The results showed that the TL not only improved the prediction performance but also revealed more knowledge about the GBM drug response mechanisms (Figure 3). Without TL, the only observed pathway was the upregulation of UV response in the sensitive responsiveness. This was also confirmed by the results with both 1-step and 2-step transferring, where the UV response was downregulated in the resistant responsiveness.

Hallmark pathways identified by Gene Set Enrichment Analysis using the weights of the genes at the input layer of 3 deep learning (DL) models on the GSE232173 dataset. Pathways were identified from the weights of the DL models without transfer learning (TL, Experiment 4, in green), with 1-step TL (Experiment 6, in blue), and with 2-step TL (Experiment 7, in red), ranked by the absolute values of the normalized enrichment scores (abs(NES)). The bigger size of the circles indicates the more significance of the pathways (in terms of the false discovery rates).
Pathways identified based on 1-step and 2-step TL largely overlapped (Figure 3), most of which have been reported to play an important role in carcinogenesis, drug resistance, and immune functions, such as IL2 STAT5 signaling, inflammatory response, and KRAS signaling.42 -44 More importantly, the cell cycle-related pathways, such as E2F targets, G2M checkpoint, and MYC targets, were observed from the models transferred from OXA in the sensitive group (Supplementary Table 1 and Supplementary Fig. 4). G2M checkpoint and E2F targets regulate the cell cycles and DNA damage repair. 45 The transcription factor MYC also serves as the TMZ resistance driver. 46 Besides UV response DN, the p53 pathway and epithelial-mesenchymal transition were enriched in the resistant cell cultures. Both of them have been demonstrated to induce TMZ resistance in GBM.47,48
Discussion
In this study, we explored the added value of TL techniques for the prediction task of drug response in studies with limited samples and showcased the TMZ drug response prediction task in GBM patient-derived cell cultures, which is a difficult prediction task. Multiple DL prediction models were constructed to predict the response to TMZ in a small dataset GSE232173 which only contains 22 samples. Besides DL prediction models with or without TL, we also applied state-of-the-art machine learning prediction models and biomarkers used in the clinic for benchmarking purposes.

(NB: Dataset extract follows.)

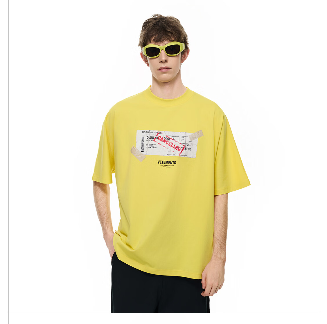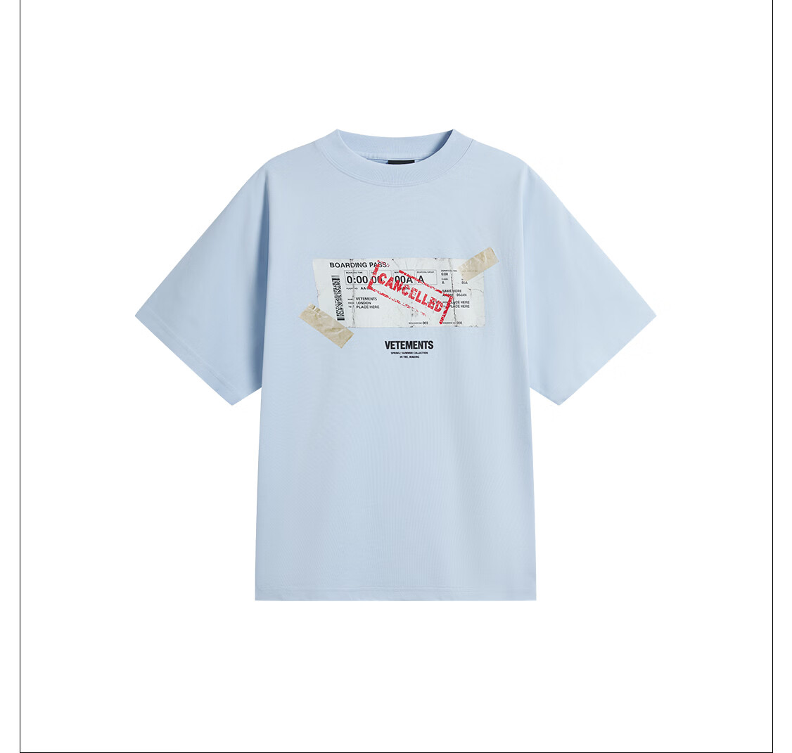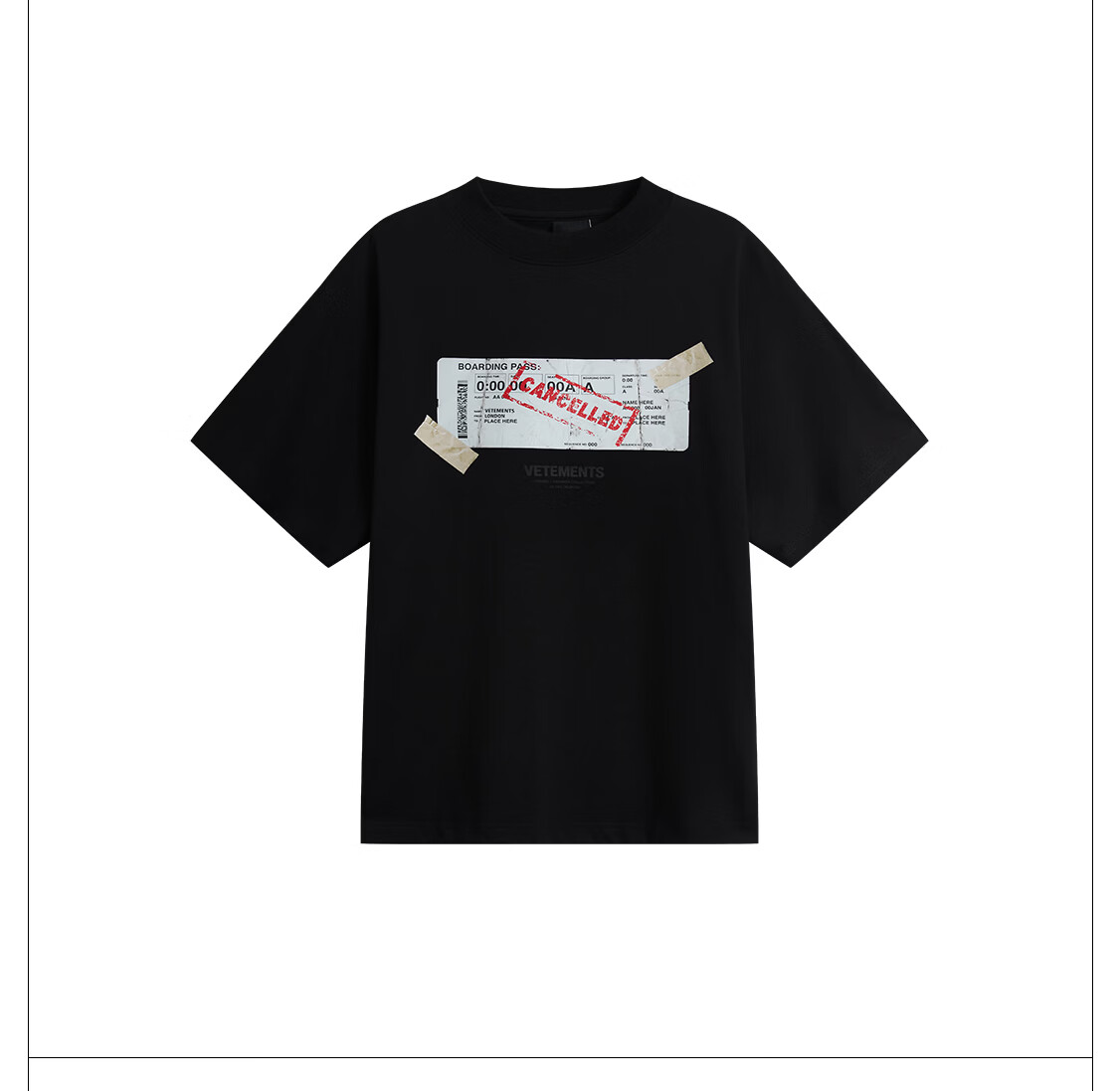 VETEMENTS未完成旅途 In The Making撕裂票根印花短袖t恤休闲轻奢高档半袖 黑色 XL

We advocate the 2-step TL for the drug response prediction problem using a broad range of mixed cancers and related drugs as the source and fine-tuning the model with the target cancer and target drug. Compared with the DL model without TL, 1-step TL from the OXA dataset in GDSC improved the average prediction accuracy on HGCC and GSE232173 for TMZ response prediction. Furthermore, the 2-step TL, which added the refining step in the target domain after the DL model was pretrained on a broader dataset, facilitated the performance on small target datasets significantly, whereas the 1-step TL did not, which indicated that pretraining should be done on a relatively large dataset. Notably, the variance of the DL models was largely decreased when TL was applied on GSE232173, which suggests that TL improved the stability and robustness of drug response prediction in the small dataset (Supplementary Table 2). Moreover, we tested the DL model performance with a 5-fold CV on GDSC and HGCC and a 3-fold CV on GSE232173, with 10 identical CV partitions for different experiments on each dataset for fair comparisons. In addition to the observation of a significant improvement in the mean SCC scores and decreased SD with 1-step TL on HGCC (Figure 2B, Experiment 3d) and 2-step TL on GSE232173 (Figure 2C, Experiment 7), we inspected the impact of TL on each repetition on HGCC and GSE232173 to ensure the robustness of TL given different partitions. It is shown that 1-step TL on HGCC (Experiment 3d) and 2-step TL on GSE232173 (Experiment 7) consistently achieved higher performance on most repetitions (Supplementary Fig. 5). The CPA-, BOR-, and OXA-based models on GDSC, which is the biggest dataset with miscellaneous cell cultures, achieved relatively higher performance (ie, higher SCC scores) and stability (ie, smaller SD). It demonstrates the capability of DL models to predict the drug response for a mixture of cell cultures from various tumor types. The low performance of the TMZ-based model on datasets GDSC, HGCC, and GSE232173 alone consistently confirms the challenge of TMZ response predictions on cell cultures from various tissue types, including GBM. In this challenging dataset, the clinical biomarker MGMT methylation status failed to show a correlation with TMZ response. Moreover, our framework outperformed an Elastic Net model and another DL framework and showed increased model stability.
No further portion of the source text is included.